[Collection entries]
Segment Open
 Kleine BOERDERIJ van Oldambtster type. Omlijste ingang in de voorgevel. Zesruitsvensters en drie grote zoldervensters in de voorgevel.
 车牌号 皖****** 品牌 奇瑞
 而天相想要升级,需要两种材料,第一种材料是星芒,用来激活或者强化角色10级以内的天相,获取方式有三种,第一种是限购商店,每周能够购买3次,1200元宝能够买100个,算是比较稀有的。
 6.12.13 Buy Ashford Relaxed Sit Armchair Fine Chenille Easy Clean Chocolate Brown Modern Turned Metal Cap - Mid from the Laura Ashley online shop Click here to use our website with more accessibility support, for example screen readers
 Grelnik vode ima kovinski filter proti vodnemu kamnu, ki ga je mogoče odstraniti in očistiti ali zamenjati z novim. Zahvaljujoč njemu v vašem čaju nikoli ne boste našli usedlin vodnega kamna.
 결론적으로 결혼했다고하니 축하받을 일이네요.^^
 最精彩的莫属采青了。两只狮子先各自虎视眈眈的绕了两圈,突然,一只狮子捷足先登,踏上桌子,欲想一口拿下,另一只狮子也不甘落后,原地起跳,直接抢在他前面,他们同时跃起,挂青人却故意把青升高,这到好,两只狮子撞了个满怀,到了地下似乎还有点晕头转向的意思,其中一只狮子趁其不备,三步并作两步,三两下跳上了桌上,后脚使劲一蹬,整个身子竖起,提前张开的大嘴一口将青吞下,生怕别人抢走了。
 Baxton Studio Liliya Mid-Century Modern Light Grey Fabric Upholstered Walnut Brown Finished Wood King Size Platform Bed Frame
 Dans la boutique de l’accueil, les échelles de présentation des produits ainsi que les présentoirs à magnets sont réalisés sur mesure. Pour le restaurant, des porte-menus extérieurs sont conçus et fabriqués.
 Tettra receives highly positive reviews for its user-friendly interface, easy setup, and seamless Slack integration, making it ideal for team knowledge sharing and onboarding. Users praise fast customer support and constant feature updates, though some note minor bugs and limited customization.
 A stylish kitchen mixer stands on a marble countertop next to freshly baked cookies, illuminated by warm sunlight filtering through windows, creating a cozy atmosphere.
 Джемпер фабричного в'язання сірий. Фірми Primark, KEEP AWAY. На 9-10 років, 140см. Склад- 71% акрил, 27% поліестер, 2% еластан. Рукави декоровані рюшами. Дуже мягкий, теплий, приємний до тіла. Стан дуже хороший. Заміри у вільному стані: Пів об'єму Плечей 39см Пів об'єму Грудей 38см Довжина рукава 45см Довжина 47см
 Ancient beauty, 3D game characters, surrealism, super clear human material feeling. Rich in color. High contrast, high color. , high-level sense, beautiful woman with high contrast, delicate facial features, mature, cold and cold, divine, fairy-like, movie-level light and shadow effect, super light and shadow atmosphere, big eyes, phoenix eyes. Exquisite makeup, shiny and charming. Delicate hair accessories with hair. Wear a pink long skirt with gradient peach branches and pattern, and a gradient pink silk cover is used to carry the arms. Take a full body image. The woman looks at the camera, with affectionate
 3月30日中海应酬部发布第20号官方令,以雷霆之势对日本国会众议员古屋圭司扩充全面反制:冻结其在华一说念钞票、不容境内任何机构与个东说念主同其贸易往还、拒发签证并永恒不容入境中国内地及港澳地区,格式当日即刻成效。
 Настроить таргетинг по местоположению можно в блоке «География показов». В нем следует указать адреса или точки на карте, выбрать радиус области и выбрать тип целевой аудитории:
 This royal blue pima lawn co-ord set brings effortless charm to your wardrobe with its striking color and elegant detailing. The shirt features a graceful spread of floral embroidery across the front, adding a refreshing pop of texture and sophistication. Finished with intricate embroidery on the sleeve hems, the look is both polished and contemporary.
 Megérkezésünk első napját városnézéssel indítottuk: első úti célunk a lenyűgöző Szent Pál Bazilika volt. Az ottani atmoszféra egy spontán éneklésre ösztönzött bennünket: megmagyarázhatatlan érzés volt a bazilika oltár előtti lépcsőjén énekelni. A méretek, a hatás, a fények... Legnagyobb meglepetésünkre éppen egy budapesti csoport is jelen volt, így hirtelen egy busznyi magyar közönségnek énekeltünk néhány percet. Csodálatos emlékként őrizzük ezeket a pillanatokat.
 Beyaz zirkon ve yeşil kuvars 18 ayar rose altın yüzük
Segment Closed
# Your goal:
Set down exactly the lines of the data above, beginning with the line that has "결론적으로 결혼했다고하니 축하받을 일이네요.^^" and ending with the line that has "3月30日中海应酬部发布第2", and no others.

# Result for this exercise:
 결론적으로 결혼했다고하니 축하받을 일이네요.^^
 最精彩的莫属采青了。两只狮子先各自虎视眈眈的绕了两圈,突然,一只狮子捷足先登,踏上桌子,欲想一口拿下,另一只狮子也不甘落后,原地起跳,直接抢在他前面,他们同时跃起,挂青人却故意把青升高,这到好,两只狮子撞了个满怀,到了地下似乎还有点晕头转向的意思,其中一只狮子趁其不备,三步并作两步,三两下跳上了桌上,后脚使劲一蹬,整个身子竖起,提前张开的大嘴一口将青吞下,生怕别人抢走了。
 Baxton Studio Liliya Mid-Century Modern Light Grey Fabric Upholstered Walnut Brown Finished Wood King Size Platform Bed Frame
 Dans la boutique de l’accueil, les échelles de présentation des produits ainsi que les présentoirs à magnets sont réalisés sur mesure. Pour le restaurant, des porte-menus extérieurs sont conçus et fabriqués.
 Tettra receives highly positive reviews for its user-friendly interface, easy setup, and seamless Slack integration, making it ideal for team knowledge sharing and onboarding. Users praise fast customer support and constant feature updates, though some note minor bugs and limited customization.
 A stylish kitchen mixer stands on a marble countertop next to freshly baked cookies, illuminated by warm sunlight filtering through windows, creating a cozy atmosphere.
 Джемпер фабричного в'язання сірий. Фірми Primark, KEEP AWAY. На 9-10 років, 140см. Склад- 71% акрил, 27% поліестер, 2% еластан. Рукави декоровані рюшами. Дуже мягкий, теплий, приємний до тіла. Стан дуже хороший. Заміри у вільному стані: Пів об'єму Плечей 39см Пів об'єму Грудей 38см Довжина рукава 45см Довжина 47см
 Ancient beauty, 3D game characters, surrealism, super clear human material feeling. Rich in color. High contrast, high color. , high-level sense, beautiful woman with high contrast, delicate facial features, mature, cold and cold, divine, fairy-like, movie-level light and shadow effect, super light and shadow atmosphere, big eyes, phoenix eyes. Exquisite makeup, shiny and charming. Delicate hair accessories with hair. Wear a pink long skirt with gradient peach branches and pattern, and a gradient pink silk cover is used to carry the arms. Take a full body image. The woman looks at the camera, with affectionate
 3月30日中海应酬部发布第20号官方令,以雷霆之势对日本国会众议员古屋圭司扩充全面反制:冻结其在华一说念钞票、不容境内任何机构与个东说念主同其贸易往还、拒发签证并永恒不容入境中国内地及港澳地区,格式当日即刻成效。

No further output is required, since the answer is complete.